Borrill, with colleagues Andrew Jaffe and Radek Stompor, created MADCAP — the Microwave Anisotropy Dataset Computational Analysis Package — and applied it to the BOOMERANG and MAXIMA data to help produce the most detailed maps yet of CMB temperature fluctuations and the angular power spectra that measure the strength of these fluctuations on various angular scales.
The Lab has been at the forefront of CMB data analysis ever since. Borrill – now a staff scientist in the Lab’s Computational Research Division (CRD) – coleads the Computational Cosmology Center (C3), formed in 2007 as a collaboration between CRD and the Physics Division. Its purpose is to forge new algorithms and pioneer new implementations to take optimum advantage of today’s fast-evolving supercomputers, and the unique ability of the cosmic microwave background to probe the fundamental parameters of cosmology and the ultra-high energy physics beyond the Standard Model.
A revolution in the history of the cosmos
The BOOMERANG and MAXIMA results confirmed that the universe is geometrically flat, as predicted by inflation. This result complemented the stunning 1998 discovery, announced by the Supernova Cosmology Project based at Berkeley Lab (and shortly thereafter by the competing High-Z Supernova Search Team), that the expansion of the universe is accelerating because of an unknown something – soon to be named dark energy. Taken together, the supernova and CMB results gave rise to a new concordance cosmology, which holds that about 73 percent of the density of the universe is dark energy, 22 percent is dark matter, and less than 5 percent is ordinary “visible” matter.
“As things stand,” Borrill remarks dryly, noting that no one understands the nature or origin of either dark matter or dark energy, “we have quantified our ignorance to be at the 95-percent level.”
The first measurement of anisotropies in the CMB was by the COBE satellite launched in 1989, an achievement for which Berkeley Lab’s George Smoot won his share of the 2006 Nobel Prize in Physics. BOOMERANG and MAXIMA were a giant step beyond COBE, but much more remained to be uncovered, and in 2001 the WMAP satellite was launched to measure the entire CMB sky at five frequencies, once again achieving new science by dramatically increasing the volume of data needing analysis.
Borrill and his C3 team have been preparing for an even bigger deluge of CMB data that will begin once the Planck satellite, a European Space Agency mission supported by NASA, settles into orbit a few months after its launch in spring, 2009.
“The WMAP data will reach 200 billion samples after its nine-year mission,” Borrill says, “but just a single year of observing by Planck will yield 300 billion samples.” And that’s just the beginning. The balloon-borne EBEX experiment, planned for an Antarctic launch in 2010, will gather 300 billion samples – in just two weeks! The ground-based PolarBeaR telescope will generate 30 trillion samples in three years, and mission concept studies for NASA’s proposed CMBPol satellite aim for 200 trillion samples per year.
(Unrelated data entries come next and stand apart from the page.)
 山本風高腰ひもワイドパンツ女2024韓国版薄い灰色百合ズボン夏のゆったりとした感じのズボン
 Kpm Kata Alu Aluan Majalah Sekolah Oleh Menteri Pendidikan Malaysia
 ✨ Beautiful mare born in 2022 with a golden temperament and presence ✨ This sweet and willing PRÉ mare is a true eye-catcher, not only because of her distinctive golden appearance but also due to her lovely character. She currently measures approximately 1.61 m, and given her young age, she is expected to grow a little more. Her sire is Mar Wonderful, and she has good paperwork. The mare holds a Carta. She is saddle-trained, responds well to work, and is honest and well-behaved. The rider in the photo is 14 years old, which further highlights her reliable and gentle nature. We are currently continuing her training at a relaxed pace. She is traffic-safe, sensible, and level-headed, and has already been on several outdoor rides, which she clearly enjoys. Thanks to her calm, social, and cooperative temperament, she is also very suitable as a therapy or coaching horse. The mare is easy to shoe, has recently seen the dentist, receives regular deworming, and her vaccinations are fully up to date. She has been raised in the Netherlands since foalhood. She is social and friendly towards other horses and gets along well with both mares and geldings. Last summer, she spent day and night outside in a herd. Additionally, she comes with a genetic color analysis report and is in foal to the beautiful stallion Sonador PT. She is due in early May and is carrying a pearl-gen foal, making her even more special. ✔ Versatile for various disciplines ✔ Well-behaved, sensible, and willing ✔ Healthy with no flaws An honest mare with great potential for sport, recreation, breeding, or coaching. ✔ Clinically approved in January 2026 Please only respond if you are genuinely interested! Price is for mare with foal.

“The evolution of CMB detectors and the volume of data they gather mirrors Moore’s Law,” Borrill says, referring to the half-century trend in computer hardware that has seen the density of transistors on a chip double every 18 months or so. “We have to stay on the leading edge of computation just to keep up with CMB data.”
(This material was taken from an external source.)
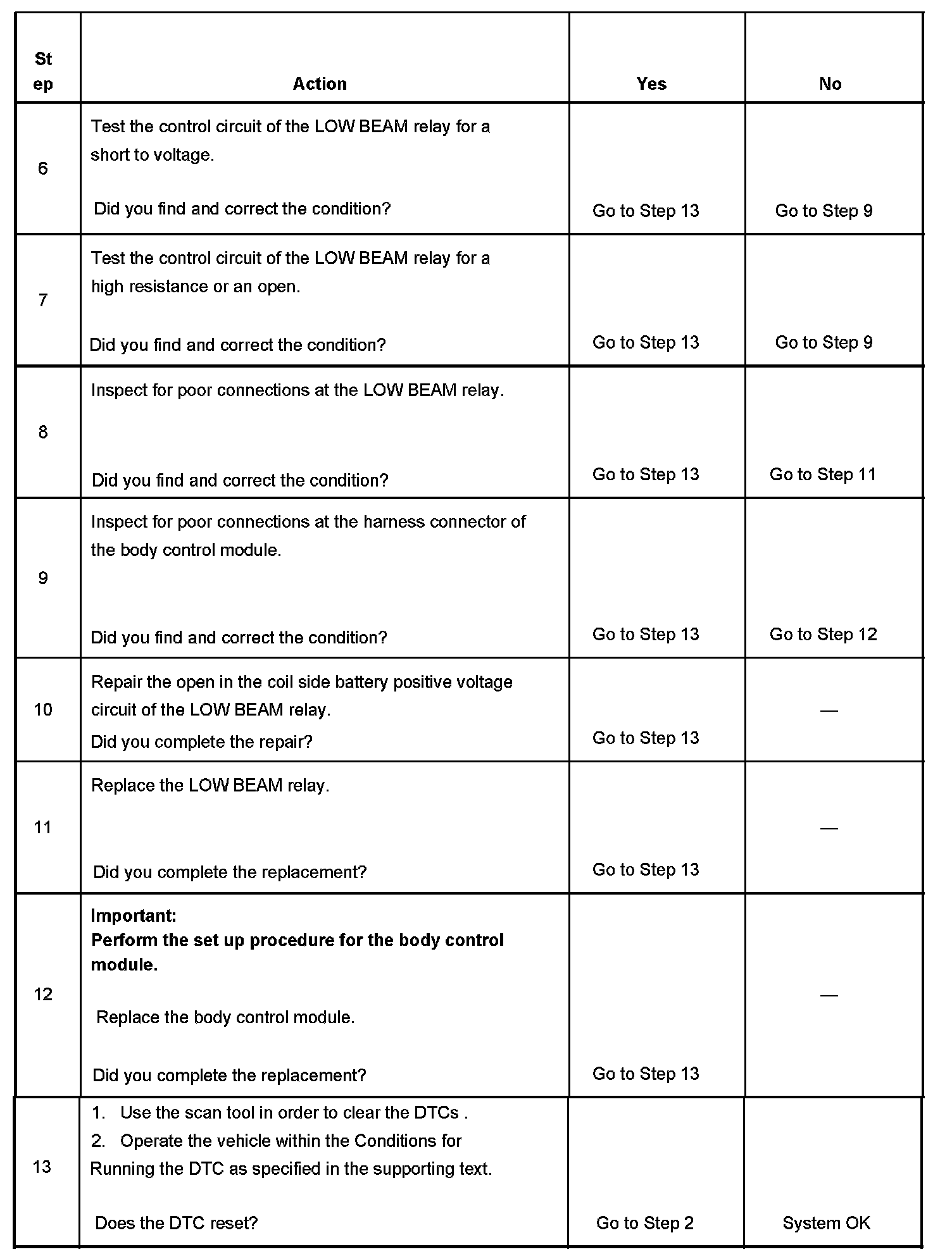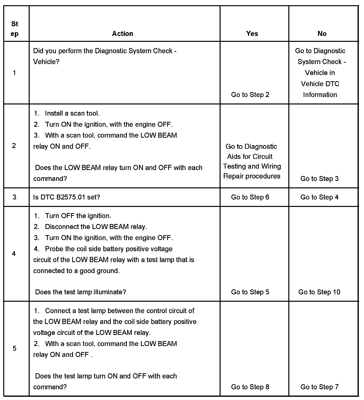- B2575-06 will set if there is an open or short to ground in the low beam relay control circuit.

The Planck full focal plane
Already recognized as the world’s leader in providing high-performance computing support for CMB data analysis, NERSC will be home to the U.S. Planck team’s data analysis operations. DOE and NASA have entered an unprecedented interagency agreement guaranteeing a minimum yearly allocation of NERSC resources to Planck through the lifetime of the mission, encompassing both processing time on NERSC’s powerful new Cray XT4 supercomputer (named “Franklin”) and its successors, and data storage on the NERSC global filesystem, which is mounted on all the NERSC systems, removing the need for multiple copies of data files.
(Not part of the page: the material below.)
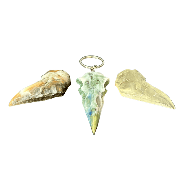 These unique resin crows vary in color variation and can be purchased as a keychain or just a plain crow head perfect for your altar! Take a leap of faith and believe in the color the universe chooses to give you.
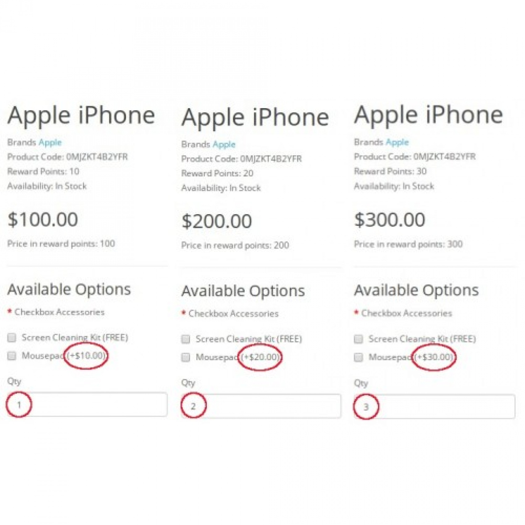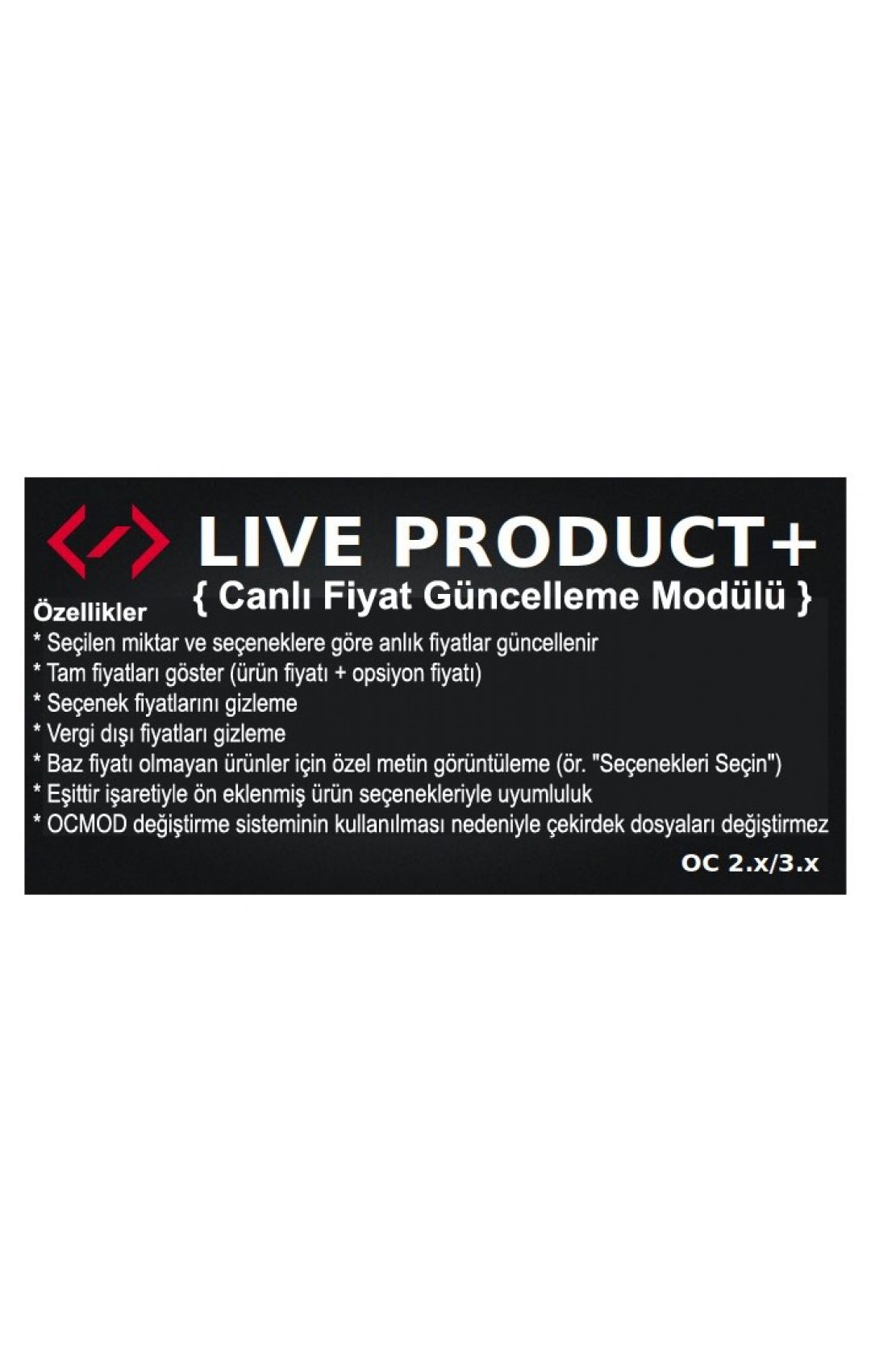 "Canlı Ürün +" uzantısı OpenCart CMS 2.x-3.x sürümleri içindir. Seçilen seçeneklere ve miktara bağlı olarak fiyatların canlı olarak güncellenmesine izin verir. AJAX'a göre.

To make sure the Planck data can be analyzed efficiently, Borrill and his team have already simulated the kind and amount of data the satellite is expected to provide. In 2005 they processed a year’s worth of simulated data from the 12 detectors at a single Planck frequency, building 3 x 50-million-pixel maps of the CMB temperature (and two polarization components) from 75 billion simulated observations. By the end of 2007 they had extended their analysis to the entire Planck mission – its “full focal plane” (FFP) – processing 300 billion simulated samples from the satellite’s 74 detectors observing in 9 frequency bands, to build a 23 x 50-million-pixel maps.
One use of the full-focal-plane simulation was to test new methods for accessing and moving data efficiently, since at this scale, input-output (IO) becomes a very significant challenge. To reduce the IO load, Borrill’s team has developed two new twists to their analyses.
“A map pixel is constructed by combining numerous measurements taken at different times by different detectors; we have to know where each of the detectors was pointing when the measurements were made,” Borrill explains. “However, we can calculate the pointing for any particular observation knowing the pointing of the satellite as a whole and the position of the detector in the focal plane. So rather than read the pointing of every single observation from disk, we can read just the satellite pointing and reconstruct each observation’s pointing on the fly.”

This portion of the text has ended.